Because it is a Hawthorne story, there has to be some moral that the narrator can pass along to make everyone feel a bit better about their mundane lives:
He would look on the affair as no more than an interlude in the main business of his life. When, after a litle while more, he should deem it time to re-enter his parlor, his wife would clap her hands for joy, on beholding the middle-aged Mr. Wakefield. Alas, what a mistake! Would Time but await the close of our favorite follies, we should be young men, all of us, and till Doom’s Day.
Turns out, this is great writing advice. We wait and wait, convincing ourselves that the timing isn’t right for various and asundry things and time does not wait for us.
Sparks.
Unlike the narrator of Wakefield, I think a lot of people dream about disappearing from their lives. Write into that desire to fade away from responsibilities. Where would your character go? What would they do? What of their past life would they miss?
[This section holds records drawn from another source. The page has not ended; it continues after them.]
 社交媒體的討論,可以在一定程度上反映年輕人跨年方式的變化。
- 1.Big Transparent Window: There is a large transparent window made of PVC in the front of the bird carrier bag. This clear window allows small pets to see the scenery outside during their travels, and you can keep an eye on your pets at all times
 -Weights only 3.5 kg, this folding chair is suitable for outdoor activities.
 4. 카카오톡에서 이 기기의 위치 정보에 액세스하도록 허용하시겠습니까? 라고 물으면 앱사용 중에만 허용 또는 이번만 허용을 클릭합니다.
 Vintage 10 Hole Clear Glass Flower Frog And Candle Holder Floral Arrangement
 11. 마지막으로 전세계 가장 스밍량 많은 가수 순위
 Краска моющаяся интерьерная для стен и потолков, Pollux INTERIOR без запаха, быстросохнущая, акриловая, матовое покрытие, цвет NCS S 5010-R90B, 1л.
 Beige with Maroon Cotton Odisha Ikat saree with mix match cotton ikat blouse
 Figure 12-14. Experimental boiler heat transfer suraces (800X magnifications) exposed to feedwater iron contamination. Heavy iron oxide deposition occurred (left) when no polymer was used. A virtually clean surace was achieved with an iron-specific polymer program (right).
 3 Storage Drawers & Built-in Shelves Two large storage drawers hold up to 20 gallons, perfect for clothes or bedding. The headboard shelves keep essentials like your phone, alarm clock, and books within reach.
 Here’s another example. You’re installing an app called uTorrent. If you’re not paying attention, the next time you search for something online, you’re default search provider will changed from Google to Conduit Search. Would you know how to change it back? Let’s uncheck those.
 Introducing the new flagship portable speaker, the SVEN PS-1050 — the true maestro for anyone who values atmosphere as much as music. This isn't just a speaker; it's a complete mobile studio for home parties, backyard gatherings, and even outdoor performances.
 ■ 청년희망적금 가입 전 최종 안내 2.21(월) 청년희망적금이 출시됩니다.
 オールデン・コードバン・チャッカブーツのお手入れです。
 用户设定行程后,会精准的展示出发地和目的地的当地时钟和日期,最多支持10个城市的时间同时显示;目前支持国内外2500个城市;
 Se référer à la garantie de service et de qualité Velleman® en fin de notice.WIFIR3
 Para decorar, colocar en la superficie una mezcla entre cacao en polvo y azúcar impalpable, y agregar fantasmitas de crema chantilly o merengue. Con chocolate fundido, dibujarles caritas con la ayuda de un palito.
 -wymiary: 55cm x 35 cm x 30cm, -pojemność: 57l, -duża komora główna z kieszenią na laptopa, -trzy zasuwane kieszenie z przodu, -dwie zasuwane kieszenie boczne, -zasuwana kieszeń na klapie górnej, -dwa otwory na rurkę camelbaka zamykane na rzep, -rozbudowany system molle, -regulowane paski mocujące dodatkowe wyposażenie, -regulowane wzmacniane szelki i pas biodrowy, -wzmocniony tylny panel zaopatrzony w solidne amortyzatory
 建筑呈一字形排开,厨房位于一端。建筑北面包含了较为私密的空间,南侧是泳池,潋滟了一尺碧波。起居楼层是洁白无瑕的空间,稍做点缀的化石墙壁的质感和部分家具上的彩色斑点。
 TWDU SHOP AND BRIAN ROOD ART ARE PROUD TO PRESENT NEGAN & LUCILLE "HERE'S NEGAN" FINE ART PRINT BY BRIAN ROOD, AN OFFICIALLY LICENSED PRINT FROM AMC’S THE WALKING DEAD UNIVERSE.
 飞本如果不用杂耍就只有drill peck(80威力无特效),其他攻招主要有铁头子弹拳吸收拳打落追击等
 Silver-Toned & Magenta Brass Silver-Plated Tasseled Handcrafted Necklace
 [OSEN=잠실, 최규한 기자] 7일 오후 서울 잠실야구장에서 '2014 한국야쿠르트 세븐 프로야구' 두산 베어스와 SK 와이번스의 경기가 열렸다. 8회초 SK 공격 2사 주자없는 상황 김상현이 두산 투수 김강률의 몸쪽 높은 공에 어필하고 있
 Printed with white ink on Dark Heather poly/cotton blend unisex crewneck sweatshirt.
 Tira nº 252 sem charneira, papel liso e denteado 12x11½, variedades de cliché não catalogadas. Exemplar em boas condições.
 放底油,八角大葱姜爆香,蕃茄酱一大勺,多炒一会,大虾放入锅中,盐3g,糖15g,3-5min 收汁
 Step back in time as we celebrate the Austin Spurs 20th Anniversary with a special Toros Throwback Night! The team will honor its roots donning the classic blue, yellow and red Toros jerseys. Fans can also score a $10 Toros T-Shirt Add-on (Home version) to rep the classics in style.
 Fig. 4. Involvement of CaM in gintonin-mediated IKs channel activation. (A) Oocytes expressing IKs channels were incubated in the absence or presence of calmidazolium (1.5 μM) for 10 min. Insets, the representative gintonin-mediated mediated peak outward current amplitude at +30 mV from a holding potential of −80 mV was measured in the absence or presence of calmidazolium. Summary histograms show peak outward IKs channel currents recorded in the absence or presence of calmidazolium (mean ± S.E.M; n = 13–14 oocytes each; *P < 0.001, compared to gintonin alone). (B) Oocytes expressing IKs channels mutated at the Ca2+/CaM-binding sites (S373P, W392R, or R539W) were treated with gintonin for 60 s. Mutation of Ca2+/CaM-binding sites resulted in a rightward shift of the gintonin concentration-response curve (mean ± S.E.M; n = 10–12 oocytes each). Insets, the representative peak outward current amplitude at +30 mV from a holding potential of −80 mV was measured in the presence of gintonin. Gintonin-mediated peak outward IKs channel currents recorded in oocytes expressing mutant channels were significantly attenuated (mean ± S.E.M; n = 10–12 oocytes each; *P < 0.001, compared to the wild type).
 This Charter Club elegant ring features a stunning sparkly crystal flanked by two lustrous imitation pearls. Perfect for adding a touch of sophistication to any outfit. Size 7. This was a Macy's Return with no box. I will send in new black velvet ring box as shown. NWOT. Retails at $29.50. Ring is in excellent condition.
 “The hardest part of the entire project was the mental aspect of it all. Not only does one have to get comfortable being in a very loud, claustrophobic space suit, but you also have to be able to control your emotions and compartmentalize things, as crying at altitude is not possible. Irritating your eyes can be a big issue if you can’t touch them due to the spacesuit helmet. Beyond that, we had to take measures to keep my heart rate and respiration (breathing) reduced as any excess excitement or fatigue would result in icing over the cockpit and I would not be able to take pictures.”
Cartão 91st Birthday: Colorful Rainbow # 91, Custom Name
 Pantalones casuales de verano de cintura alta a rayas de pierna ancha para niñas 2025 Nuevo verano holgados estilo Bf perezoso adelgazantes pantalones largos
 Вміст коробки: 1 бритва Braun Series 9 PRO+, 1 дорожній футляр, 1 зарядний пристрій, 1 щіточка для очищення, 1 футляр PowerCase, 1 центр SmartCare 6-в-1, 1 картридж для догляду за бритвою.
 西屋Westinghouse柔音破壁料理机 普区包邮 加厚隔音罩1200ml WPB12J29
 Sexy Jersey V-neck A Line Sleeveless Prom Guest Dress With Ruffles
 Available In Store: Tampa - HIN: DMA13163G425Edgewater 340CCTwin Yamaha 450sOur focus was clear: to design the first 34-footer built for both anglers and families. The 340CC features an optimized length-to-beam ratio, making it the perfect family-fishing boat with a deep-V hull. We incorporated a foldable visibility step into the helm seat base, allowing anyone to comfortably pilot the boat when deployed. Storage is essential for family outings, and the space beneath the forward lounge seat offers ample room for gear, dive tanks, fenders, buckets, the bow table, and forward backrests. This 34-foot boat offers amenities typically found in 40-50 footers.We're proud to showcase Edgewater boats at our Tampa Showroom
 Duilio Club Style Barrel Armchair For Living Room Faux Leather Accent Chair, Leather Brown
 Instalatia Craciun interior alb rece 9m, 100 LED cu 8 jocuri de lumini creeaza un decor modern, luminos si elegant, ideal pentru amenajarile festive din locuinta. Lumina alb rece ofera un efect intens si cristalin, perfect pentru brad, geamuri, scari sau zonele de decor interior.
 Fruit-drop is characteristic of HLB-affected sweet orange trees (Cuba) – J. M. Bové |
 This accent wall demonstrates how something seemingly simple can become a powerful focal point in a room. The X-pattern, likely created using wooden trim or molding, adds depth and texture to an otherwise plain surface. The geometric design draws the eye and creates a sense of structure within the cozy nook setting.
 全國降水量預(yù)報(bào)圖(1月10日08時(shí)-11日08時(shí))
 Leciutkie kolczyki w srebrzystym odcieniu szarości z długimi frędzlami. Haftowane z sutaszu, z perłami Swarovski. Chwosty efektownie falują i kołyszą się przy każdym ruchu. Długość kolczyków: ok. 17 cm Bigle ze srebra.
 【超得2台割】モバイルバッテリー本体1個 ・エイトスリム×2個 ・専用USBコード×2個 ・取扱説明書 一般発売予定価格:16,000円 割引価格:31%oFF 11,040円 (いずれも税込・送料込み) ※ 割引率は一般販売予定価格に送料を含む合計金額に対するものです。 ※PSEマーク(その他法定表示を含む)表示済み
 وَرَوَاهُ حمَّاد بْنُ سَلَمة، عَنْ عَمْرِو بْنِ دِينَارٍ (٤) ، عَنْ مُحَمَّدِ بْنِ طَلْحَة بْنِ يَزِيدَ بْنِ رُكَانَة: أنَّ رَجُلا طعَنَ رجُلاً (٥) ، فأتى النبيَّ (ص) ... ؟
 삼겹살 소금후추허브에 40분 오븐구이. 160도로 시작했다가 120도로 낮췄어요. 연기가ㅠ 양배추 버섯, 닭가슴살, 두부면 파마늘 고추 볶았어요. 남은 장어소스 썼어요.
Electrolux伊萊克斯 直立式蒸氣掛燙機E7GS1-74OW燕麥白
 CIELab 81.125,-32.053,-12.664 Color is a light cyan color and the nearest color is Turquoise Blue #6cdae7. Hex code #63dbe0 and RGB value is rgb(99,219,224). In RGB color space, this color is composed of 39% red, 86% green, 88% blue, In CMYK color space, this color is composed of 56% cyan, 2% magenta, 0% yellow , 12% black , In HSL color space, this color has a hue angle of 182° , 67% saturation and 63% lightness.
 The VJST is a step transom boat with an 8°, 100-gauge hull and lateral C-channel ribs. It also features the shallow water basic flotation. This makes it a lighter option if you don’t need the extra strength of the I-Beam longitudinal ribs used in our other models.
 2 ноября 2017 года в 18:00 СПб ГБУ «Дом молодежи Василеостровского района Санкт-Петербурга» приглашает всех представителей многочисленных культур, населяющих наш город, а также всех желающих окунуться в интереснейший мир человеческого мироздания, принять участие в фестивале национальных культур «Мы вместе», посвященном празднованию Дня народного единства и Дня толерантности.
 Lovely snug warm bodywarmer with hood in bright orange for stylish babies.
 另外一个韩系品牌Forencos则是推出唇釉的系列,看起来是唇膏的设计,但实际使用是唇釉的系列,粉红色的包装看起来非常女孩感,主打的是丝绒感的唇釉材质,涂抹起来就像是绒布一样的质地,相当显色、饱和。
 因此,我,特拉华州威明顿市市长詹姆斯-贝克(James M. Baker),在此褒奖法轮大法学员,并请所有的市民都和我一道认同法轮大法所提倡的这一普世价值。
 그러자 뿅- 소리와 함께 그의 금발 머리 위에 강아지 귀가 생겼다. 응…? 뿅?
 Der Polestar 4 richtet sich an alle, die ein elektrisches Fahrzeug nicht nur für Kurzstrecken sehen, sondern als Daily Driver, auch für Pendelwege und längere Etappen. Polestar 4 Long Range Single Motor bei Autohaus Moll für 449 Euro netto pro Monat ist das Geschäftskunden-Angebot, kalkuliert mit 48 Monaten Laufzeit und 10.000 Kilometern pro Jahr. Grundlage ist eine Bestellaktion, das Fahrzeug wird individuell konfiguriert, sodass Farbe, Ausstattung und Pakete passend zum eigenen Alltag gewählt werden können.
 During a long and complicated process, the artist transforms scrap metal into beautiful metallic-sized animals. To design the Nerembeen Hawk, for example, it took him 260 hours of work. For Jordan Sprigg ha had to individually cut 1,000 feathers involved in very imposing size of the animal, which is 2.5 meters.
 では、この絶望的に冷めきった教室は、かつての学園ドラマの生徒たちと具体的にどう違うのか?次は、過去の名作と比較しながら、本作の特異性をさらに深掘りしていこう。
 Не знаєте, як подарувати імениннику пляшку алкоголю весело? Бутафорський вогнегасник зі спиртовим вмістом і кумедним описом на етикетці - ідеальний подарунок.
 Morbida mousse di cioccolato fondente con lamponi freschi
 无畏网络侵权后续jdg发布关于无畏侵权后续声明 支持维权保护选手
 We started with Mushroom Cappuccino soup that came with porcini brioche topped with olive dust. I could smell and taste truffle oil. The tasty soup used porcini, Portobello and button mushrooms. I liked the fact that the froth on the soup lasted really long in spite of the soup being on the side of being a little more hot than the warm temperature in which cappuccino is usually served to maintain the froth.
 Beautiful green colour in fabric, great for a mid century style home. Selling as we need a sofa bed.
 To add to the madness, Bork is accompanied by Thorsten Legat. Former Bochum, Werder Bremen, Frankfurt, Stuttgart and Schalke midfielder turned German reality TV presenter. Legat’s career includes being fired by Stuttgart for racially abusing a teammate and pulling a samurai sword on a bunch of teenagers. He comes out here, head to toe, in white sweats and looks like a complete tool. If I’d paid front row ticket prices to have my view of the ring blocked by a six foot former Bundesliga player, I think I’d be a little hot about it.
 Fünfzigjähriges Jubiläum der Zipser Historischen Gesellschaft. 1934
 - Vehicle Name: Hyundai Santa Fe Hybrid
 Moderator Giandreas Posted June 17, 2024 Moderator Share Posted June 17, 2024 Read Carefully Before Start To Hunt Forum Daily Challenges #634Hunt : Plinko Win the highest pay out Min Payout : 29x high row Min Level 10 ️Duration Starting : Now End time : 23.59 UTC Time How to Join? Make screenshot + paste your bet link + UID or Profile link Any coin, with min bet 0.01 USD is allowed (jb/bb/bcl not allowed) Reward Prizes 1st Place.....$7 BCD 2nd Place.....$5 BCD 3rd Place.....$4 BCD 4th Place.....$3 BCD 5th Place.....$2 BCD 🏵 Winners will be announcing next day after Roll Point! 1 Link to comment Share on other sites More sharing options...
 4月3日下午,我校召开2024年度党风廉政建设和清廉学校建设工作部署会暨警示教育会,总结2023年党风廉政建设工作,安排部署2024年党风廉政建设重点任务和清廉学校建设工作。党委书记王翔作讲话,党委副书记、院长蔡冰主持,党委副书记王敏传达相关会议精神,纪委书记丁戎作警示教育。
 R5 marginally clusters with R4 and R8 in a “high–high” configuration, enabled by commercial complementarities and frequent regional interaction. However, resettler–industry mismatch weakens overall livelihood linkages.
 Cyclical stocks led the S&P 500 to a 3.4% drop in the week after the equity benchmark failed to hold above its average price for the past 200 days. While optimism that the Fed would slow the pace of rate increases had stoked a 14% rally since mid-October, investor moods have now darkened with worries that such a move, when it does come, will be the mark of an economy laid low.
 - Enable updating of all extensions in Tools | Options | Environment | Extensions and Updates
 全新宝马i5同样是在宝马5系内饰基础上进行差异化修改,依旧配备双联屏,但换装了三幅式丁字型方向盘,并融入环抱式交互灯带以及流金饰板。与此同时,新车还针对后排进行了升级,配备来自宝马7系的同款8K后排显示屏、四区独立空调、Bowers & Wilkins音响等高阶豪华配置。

Or. Write a story that comes across as gossip. The narrator is telling a tale that they heard from someone else. How might you make use of this distance? That is, how does the narrator twist the storytelling for their own purposes?
Revision. Is there enough mystery in your work? How might you add some? Considre: what do your characters stand in awe of? What was their first experience with wonder? How has it shaped them? How might they return to it if they’ve lost their connection to it?
Other tidbits.
Essayists! I often wonder if my musings are useful to you at all. I’ve finally found a great source for you. Cassie Mannes Murray has begun a newsletter called Essay Atlas wherein she maps the structure of essays in detail.
Are you out on submission? Hope to be one day? Here’s a great list of questions to ask an agent when you find yourself on The Call.
Hub City Press is open for unagented Novels until September 30th. Authors need to be Southern-ish. They’ll open for Nonfiction in October.